NEON's approach to uncertainty estimation for sensor-based measurements
The Fundamental Instrument Unit (FIU) of the National Ecological Observatory Network (NEON) is responsible for generating QA/QC protocols and uncertainty estimates for all of NEON’s level-one (i.e., calibrated and temporally averaged) in-situ, sensor-based measurements. Identifying and quantifying uncertainties are the keystones of deriving statistical interpretations about mean quantities and variance structure; both are needed to construct NEON’s higher level data products. These data products will be publically available, and as such, a goal of NEON is to ensure all sources of uncertainty are identified and if possible, quantified in a traceable manner. Here, our approach for identifying and quantifying uncertainties of these level-one data products is presented. It emulates the approach taken by the International Organization for Standardization (ISO), while leaving room for scientific creativity, that which can be justified. Specific examples are given to exhibit the strengths, limitations, and plausibility of estimating uncertainty (in a standardized fashion) for those data products produced by the FIU.

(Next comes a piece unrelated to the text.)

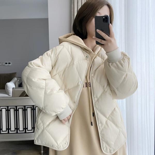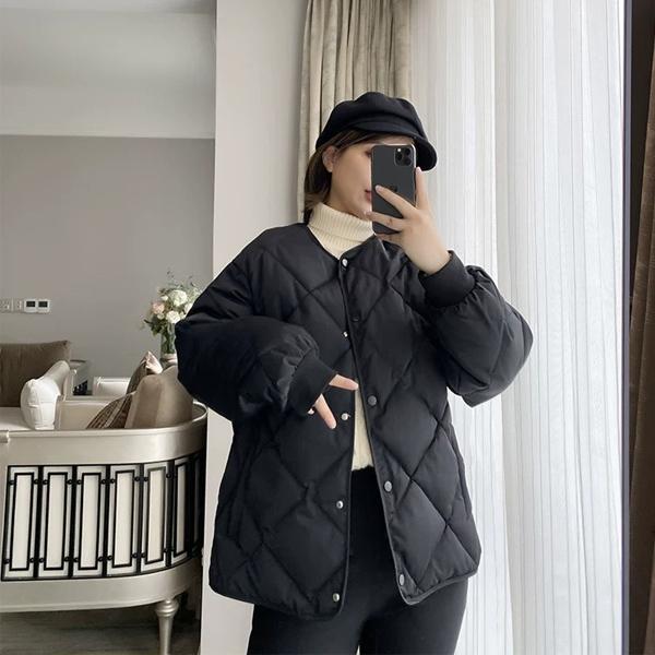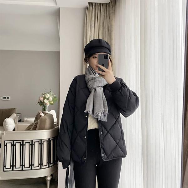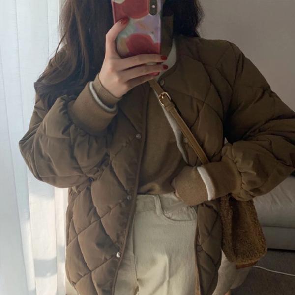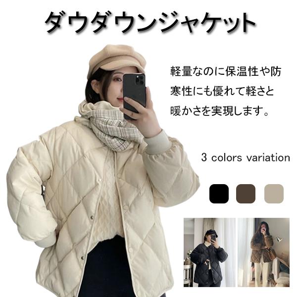 ダウダウンジャケット レディース ダウンコート 軽量 ノーカラー ショート ジャケット トップス 体型カバー ショート丈 菱形 保温 防寒 暖かい かわいい カジュアル ダウン 秋冬 冬物

Although sources of uncertainties can be identified, some cannot currently be quantified, especially at a high level of confidence. Much work is still needed to better understand the uncertainties of various ecological processes (e.g., fine-root turnover) and their associated sampling methods (e.g., use of minirhizotrons). Additionally, efforts should be aimed toward minimizing specific assumptions that uncertainty analyses comprise, such as inferring human induced errors are negligible. This is especially important for NEON’s Observatory, as many ecological measurements will be human-based. As time progresses and NEON data are analyzed, a better understanding of sensor specific (and human induced) uncertainties may arise, thus making it possible to quantify previously unquantifiable uncertainties.
The presented approach serves as a standardized method by which ecological data uncertainties can be quantified. It is our hope that current and future ecological networks will adapt this method, thereby strengthening ecological datasets and promoting interoperability among ecological networks.